Another limitation in these sorts of inferences is that we now recognize that not all of the mutations that were included in these analyses are actually disease-causing. The inclusion of some benign or low-penetrance variants could water down any conclusions quite a bit. Meanwhile, back then there weren’t a large number of known or presumed benign variants in PRNP to use as negative controls. For example, I’ve noticed that C214Y has turned up in gnomAD but still not in any prion disease case. I’d imagine abolishing PrP’s disulfide bond would be as destabilizing as anything, so this observation may slightly argue against the “destabilizing” hypothesis.

Per my effort to annotate the literature, there are only 16 PRNP missense variants with evidence for Mendelian segregation in at least one family: P102L, P105L, P105T, G114V, A117V, S132I, D178N, T183A, H187R, E196K, F198S, E200K, D202G, E211D, and Y218N. 11 of these variants lie in the structured region of PrP and, although I don’t think it will settle the matter of how or why these are pathogenic, I want to offer this map of where they lie in the protein:

To make this in PyMOL: fetch 1hjm; bg_color white; hide everything; show cartoon; color gray; color red, resi 132+178+183+187+196+198+200+202+211+218

Spinning this around in PyMOL, there’s no rhyme or reason to me. Helix 1 is spared, but other than that, you have interior residues and surface residues; helical residues and loop/turn residues. Some of the mutations increase charge, others are charge-neutral.

One could imagine much more sophisticated analyses and wet lab experiments here. But as I’ve dug into this more while writing this post, I think I’ve convinced myself that knowing the answer to this question is not critical, and depending on what the answer is, it might not move us any closer to a therapeutic. For example, suppose we made tens of recombinant PrP batches with various pathogenic mutations and various benign variants and did a huge battery of in vitro experiments on them, and suppose the result was we convinced ourselves that the “destabilizing” hypothesis is correct. Would that change our therapeutic strategy? You could argue that it would strengthen the case for finding small molecule PrP binders because it proves that lack of stability is the cause of disease. But you could also argue it weakens that case for finding small molecule PrP binders, because the mutant PrP molecules might already be unfolded and so the molecule won’t be able to bind them in the first place.
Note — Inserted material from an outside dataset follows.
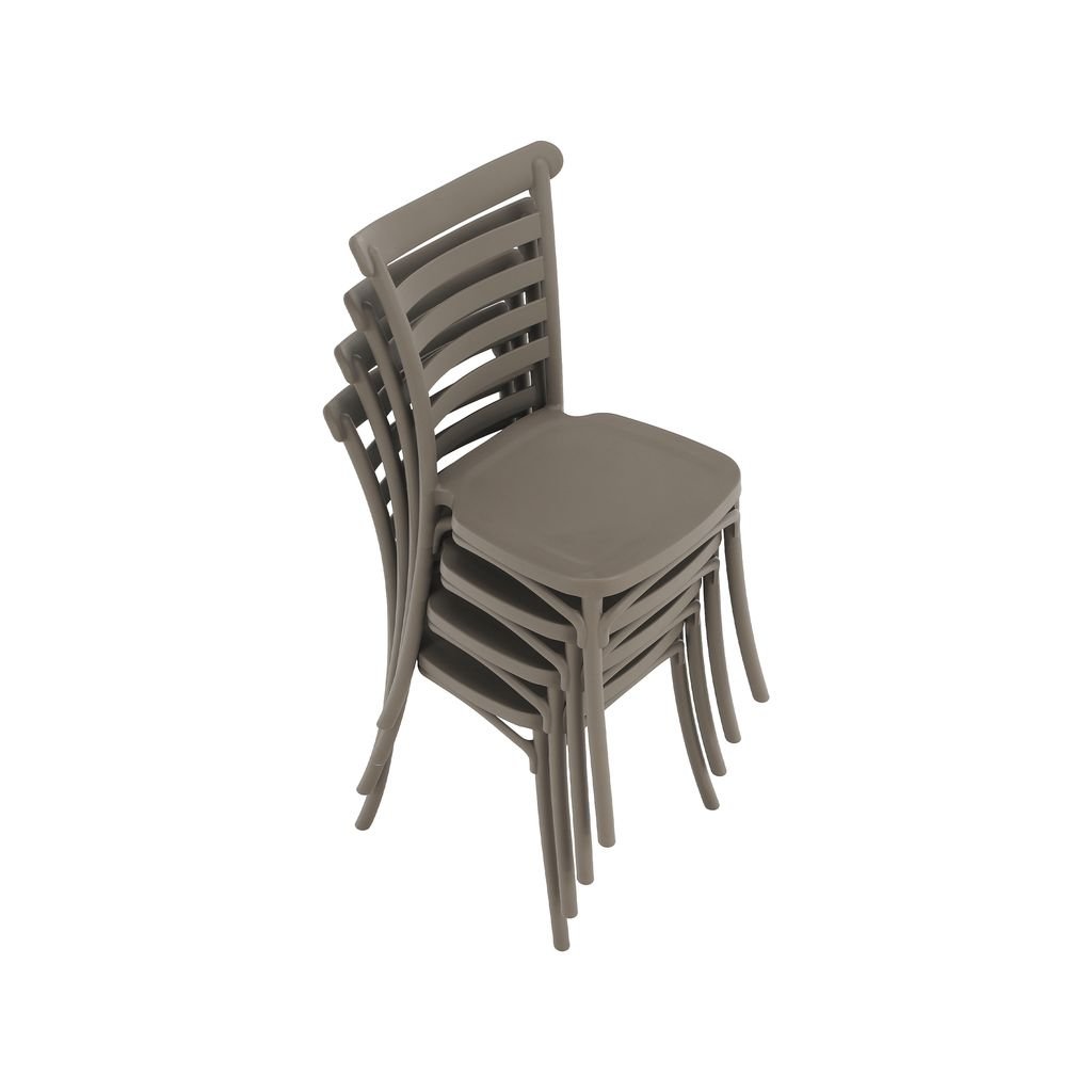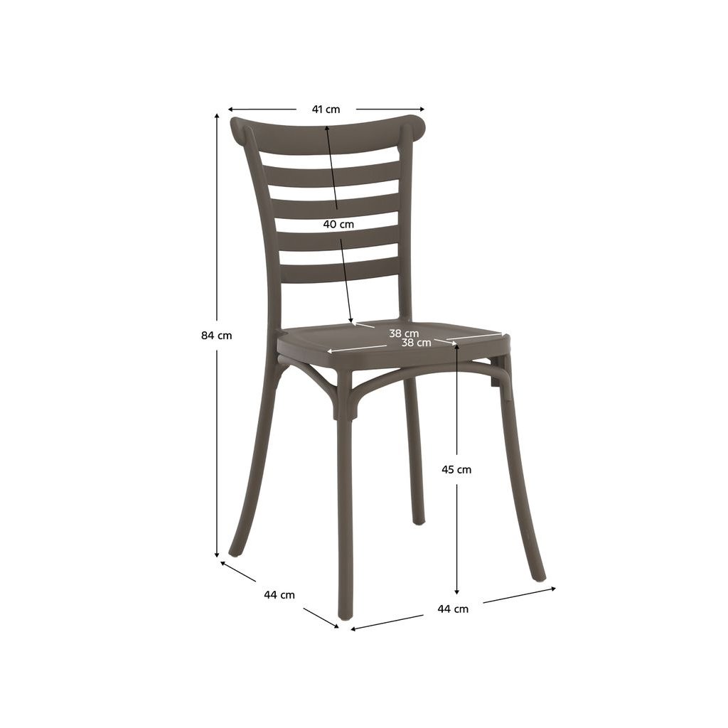 Stohovateľná stolička v elegantnej sivohnedej farbe je ideálnym riešením pre každého, kto hľadá funkčný a štýlový doplnok do svojho domova alebo na terasu. S jej minimalistickým dizajnom a praktickými vlastnosťami sa stane skvelým spoločníkom na každodenné používanie.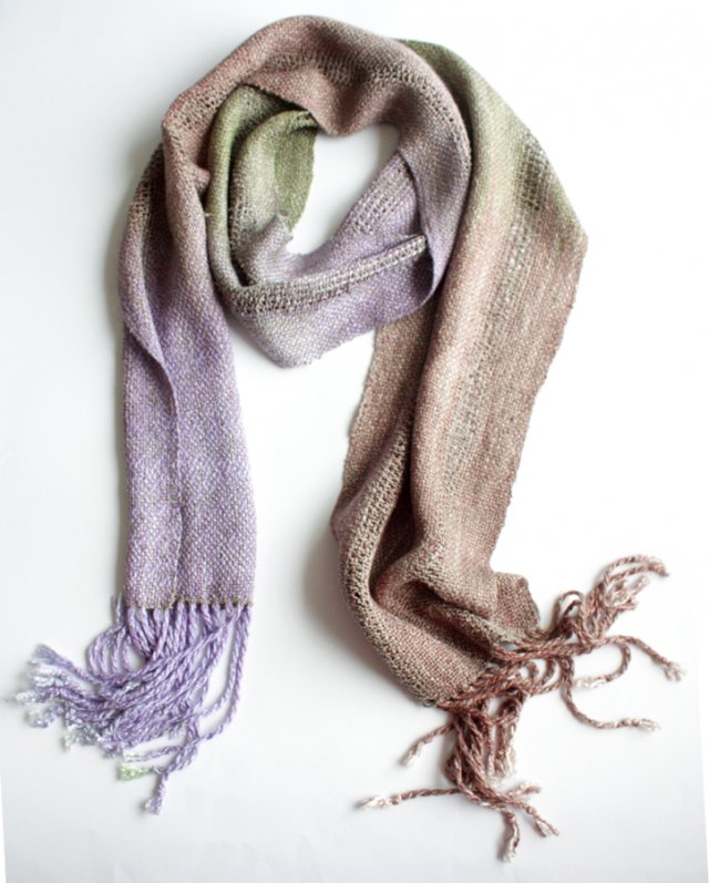 Miękki, luźno tkany szal w pięknych stonowanych odcieniach fioletu, zieleni i brązu. Materiał oceniam na bawełnę z jedwabiem.

On the whole it seems that time would be better spent working on actually finding small molecule PrP binders, so that you can test the therapeutic hypothesis with a candidate therapeutic agent.

In conclusion, we know that PrP mutations cause disease by a gain of function. We know that to cause disease, PrP needs to exist and it needs to misfold. These simple, longstanding observations are enough to lead us to some good therapeutic hypotheses. Why exactly some mutations cause disease and others don’t, we don’t know. And while I certainly care enough to read interesting work that others have done on the topic, I’ve realized I don’t think knowing the answer is critical to developing a drug.